I'll just leave that at that....
CommieBastard
Don't swallow batteries. Me, aged seven or eight or so. I had to be X-rayed every single day to make sure it wasn't leaking battery acid inside me, until the battery... um... came out in the usual way.
Righteous
My friend: Watch who you sleep with and use protection. You may end up pregnant.
Moosh
My Uncle: When being visited by family, ensure that toddler nephew (me) doesn't eat do much he is sick in your CD player
artist.unknown
Don't put paper products on an electric burner for at least another hour after you've cooked something on it. Hint: it stays hot.
Erin
i've done soooo many stupid things that i cant even count them all. one time i washed my earrings in the dishwasher..bad idea..the silver coloring came off.

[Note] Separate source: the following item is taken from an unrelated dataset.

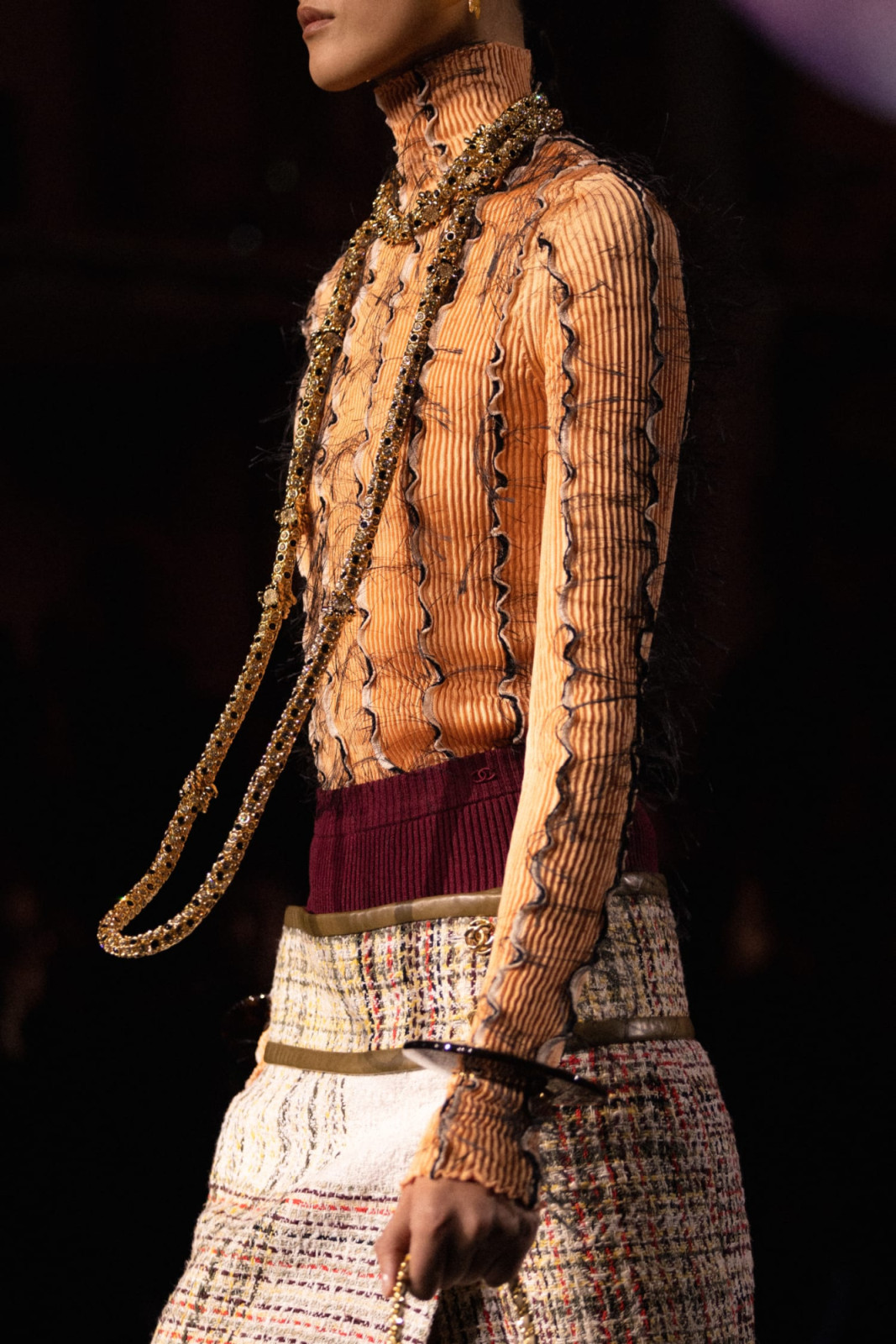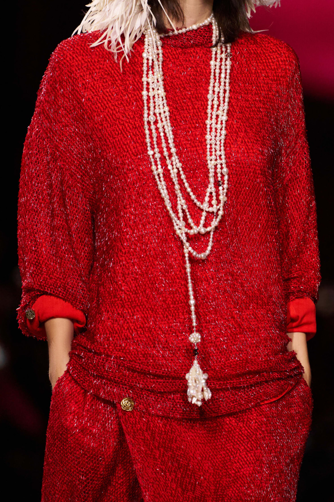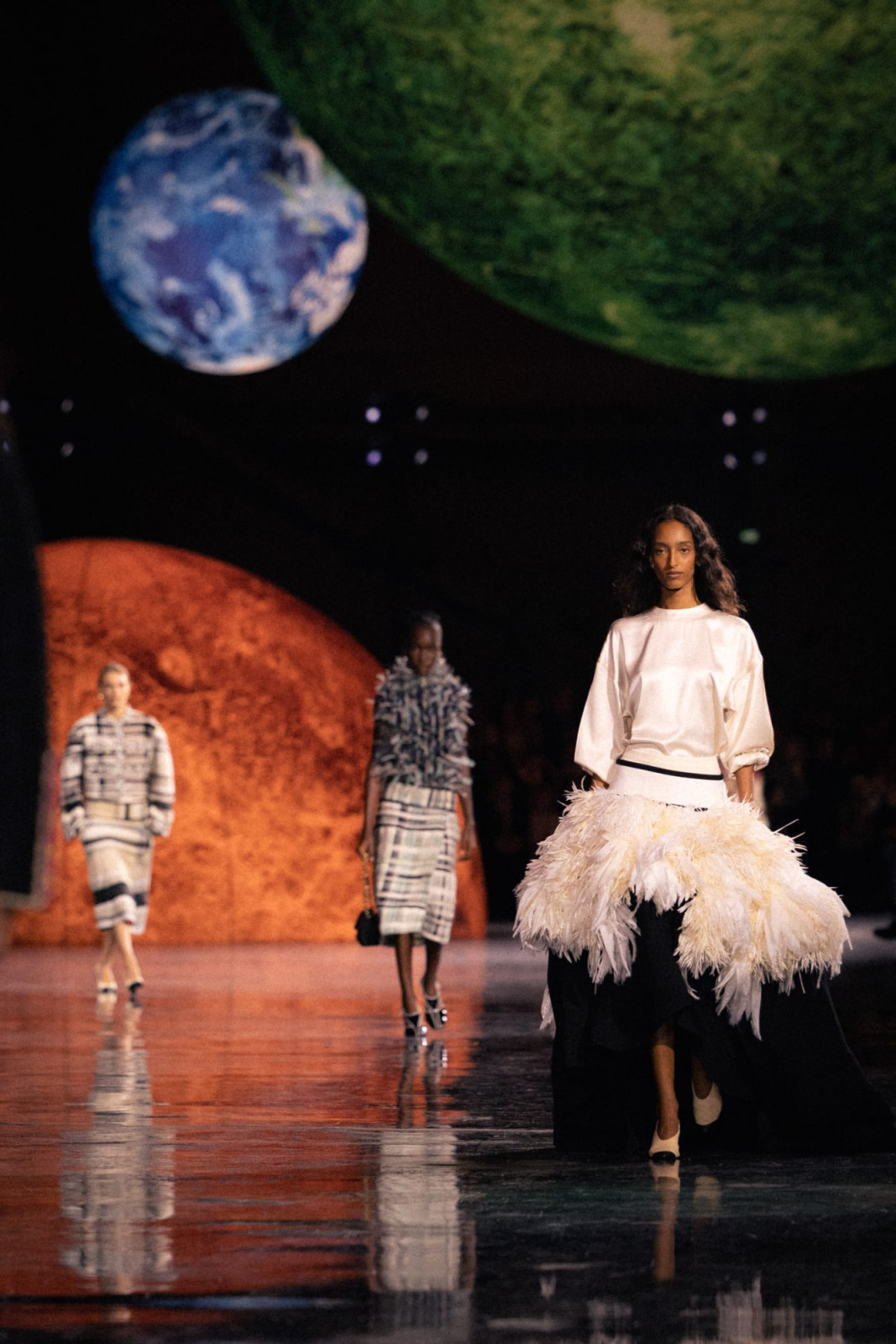 Дизайнер переосмыслил классический для дома твид, сделав его почти невесомым. В дебютной женской коллекции для Chanel он сосредоточился на деталях – аксессуарах, пышных юбках, головных уборах из перьев и вышивке на тонких прозрачных тканях.

Also one time i was lazy and washed my hoodie with a big pack of gum in the front pocket...eww..sticky...gross..filthy..nasty..untouchable. Once i went to sleep with a very sharp knife in my hand. My bed was a wreck..all i got was a 3 inch cut down my wrist...i didnt even notice it until i woke up! i've done plenty stupid stuff. laugh.gif
Righteous
My buddy Jon: DOn't say you can take four shots of vodkha and five and a half Smirnoff malts just because you weigh 290.
Feyliya
Don't drink 3 high-quality, high-alcohol content, 1 1/2 size long island iced teas and a scotch, all on an empty stomach and within an hour's time, even if the drinks are free. It leads to you babbling things you don't really mean at your boss and passing out on the bathroom floor.

Randy, just before Christmas, the night of his company Christmas party.
Quoth(The Raven)
Never back out of a garage with the car door open... It can be expensive... Not to mention, embarrassing...
Righteous
Me: If you can, don't co-own an intellectual property with a whiney bitch of a brother, especially if he wants to go one way and you another.
zivane
Uhm...

don't use forks within an inch of an electrical socket (me, age 3ish)
don't ever go to private school in north florida (me, age 12-15)
don't select a recipe involving alcohol on your first time cooking (me again, age 17)
don't put live hedgehogs in the microwave thinking they are a filipino food your mother cooks, hedgehogs explode after about twenty minutes (my friend Lauren, age 11)
don't, under any circumstance, travel in italy alone if you're a girl (me, age 18) although it does get you free wine and gelato
don't attend college for a semester and decide it sucks and start abusing their study abroad program to no end, you will not graduate within 5 years (me, currently) although you get TONS of credit for doing jack shit
don't snowboard without socks, gloves, and a scarf in -9 celsius indoor snowboarding park(me, last weekend with Gerben)
don't attempt a snowboard park if you've not snowboarded within the past 5 years - stick to the basic slope (me, again, last weekend)
don't allow crazy English guys to buy you drinks when you've never gotten drunk before - you will end up looking like a slut and causing their girlfriends to break up with them on Valentine's Day (me, Wednesday night before Valentine's Day this past February)
don't ever work for a comic book store and claim you actually like dressing up like a neko-school-girl - the owner will make you stand on ladders a lot "dusting" (me, age 16 - 17) although it does get you tons of free stuff...

the best excuse for going around to every starbucks in northern florida with a video camera and trying to be throw out of them all with several friends is "i went to an arts school"

actually, the above statement works well if you end up in any awkward situation in north florida (crazy DA kids <3)
Righteous
Me: If a chick friend of yours is liked by three guys, don't have her over when all three are over as well.